August Ludwig Traugott Botho Graf zu Eulenburg (22 October 1838 – 16 June 1921) was an officer in the Prussian, and later German armies, and official in the Prussian royal court. He was the younger brother of Count Botho zu Eulenburg, who served as Minister-President of Prussia from 1892 to 1894, and a second cousin of Philipp, Prince of Eulenburg, the close friend of Kaiser Wilhelm II.

Biography
Born into the Upper Saxon noble family of Eulenburg, August joined the army on 1 November 1856 as a grenadier in the 1st Foot Guard Regiment after his graduation from the Marienwerder Gymnasium. He was promoted to second lieutenant two years later on 13 April 1858, and between 1860 to 1862 he participated in the trade mission in East Asia as an attaché under his kinsman Friedrich Albrecht zu Eulenburg.

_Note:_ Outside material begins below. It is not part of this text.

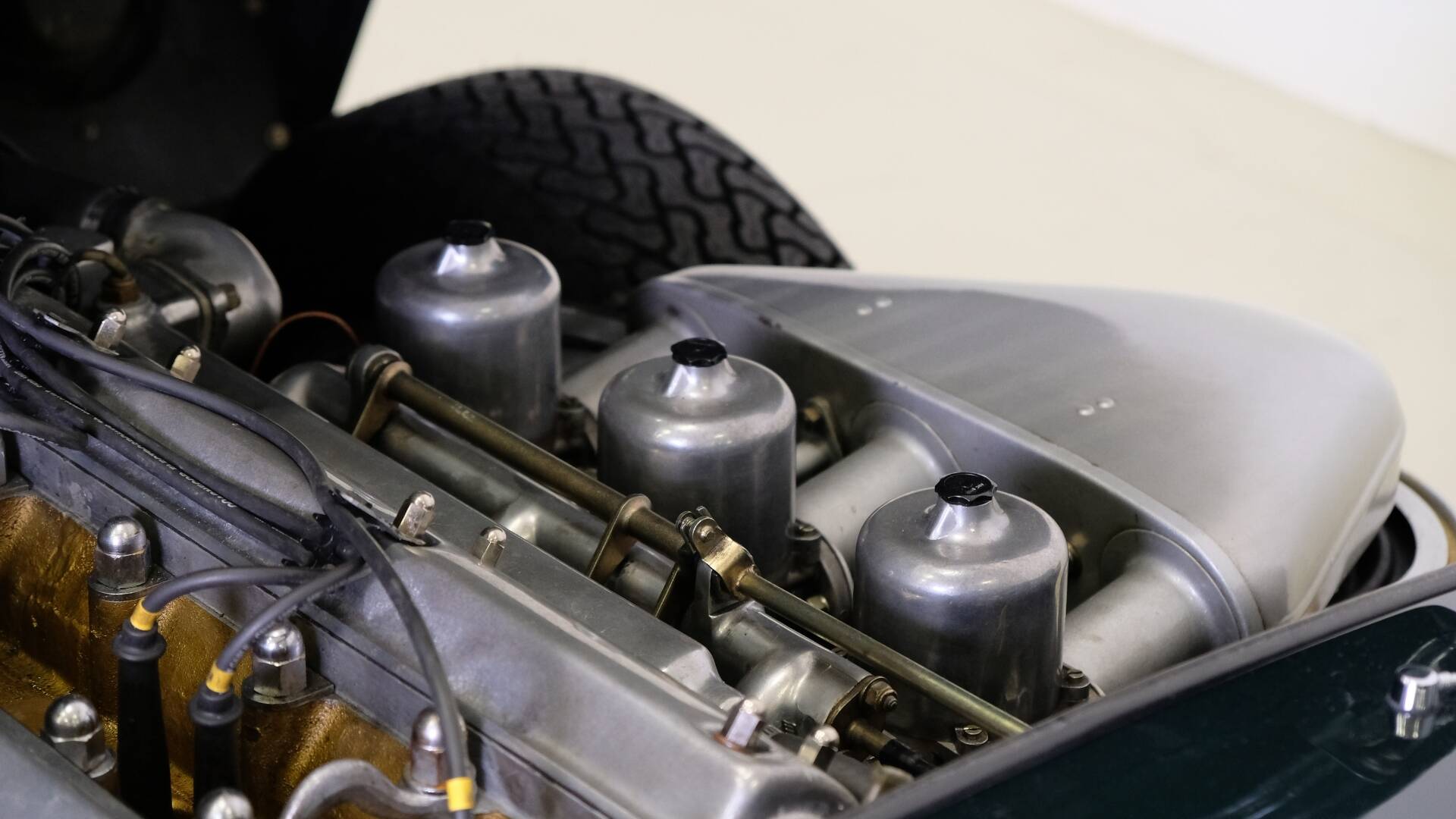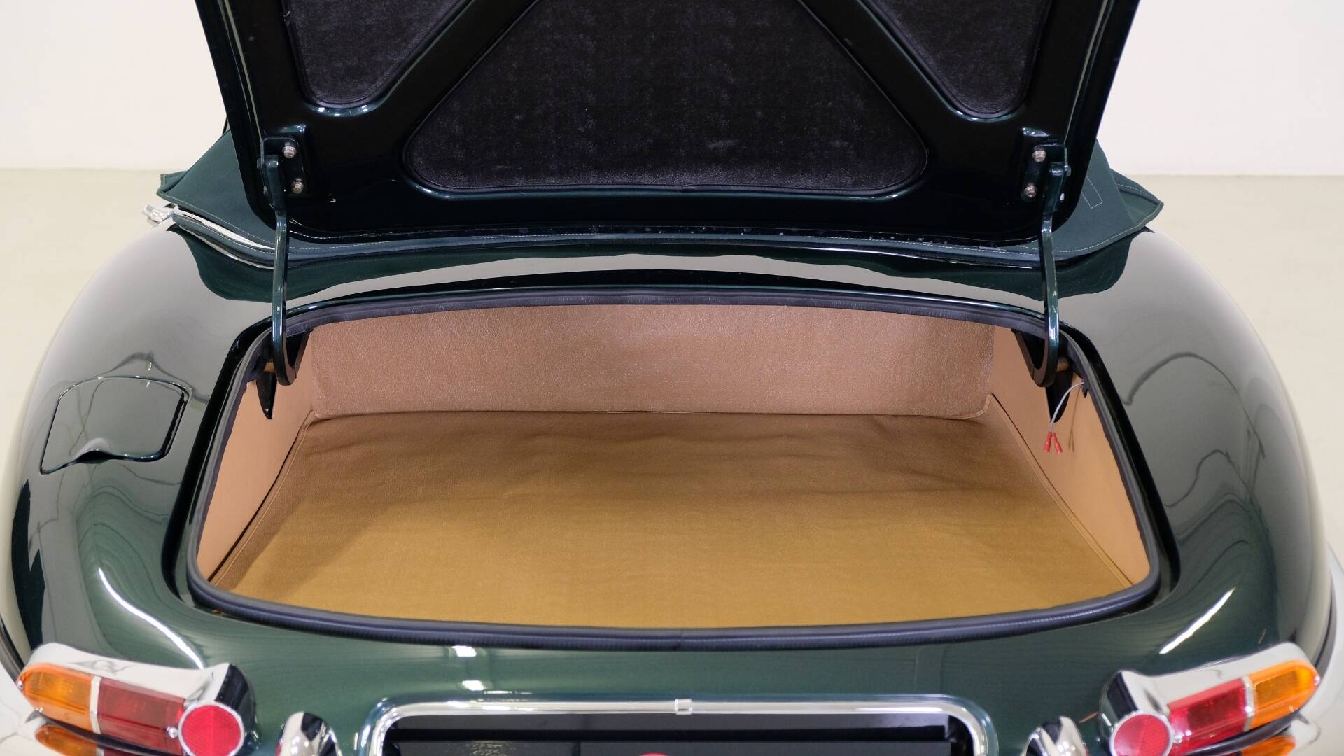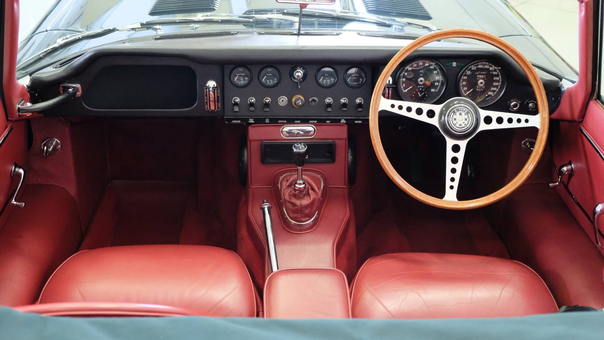 An enormous amount of work was undertaken, with particular attention paid to the fabrication of new body panels and the front subframe, as well as a comprehensive rebuild of the front and rear suspension. Known weaknesses of the E-Type were carefully addressed, with upgraded Cooper Craft brakes and a bespoke radiator fitted to improve braking performance and cooling. The 3.8-litre straight-six engine was rebuilt to original factory specification using numerous new components, while the matching-numbers four-speed Moss manual gearbox was also fully overhauled. A complete stainless-steel exhaust system was custom fabricated and installed. The body was then finished in classic British Racing Green, enhanced by a subtle metallic base.

Upon his return to Prussia in 1865, Eulenburg pursued a career in the royal court; he was made a personal adjutant to the crown prince (the future Emperor Frederick III), before being appointed Marshal of the Royal Court in 1868, thus placing him in charge of the court's administrative affairs. He then served as a member of the General-Ordenskommission from 1879 to 1890, and served as Chief Master of Ceremonies between 1883 to 1914 and Grand Marshal of the Court and House (Oberhof- und Hausmarschall) to Kaiser Wilhelm II from 1890 to 1914. He was also a member of the Herrenhaus and Minister of the Royal House from 1907 to the end of Wilhelm II's reign in 1918.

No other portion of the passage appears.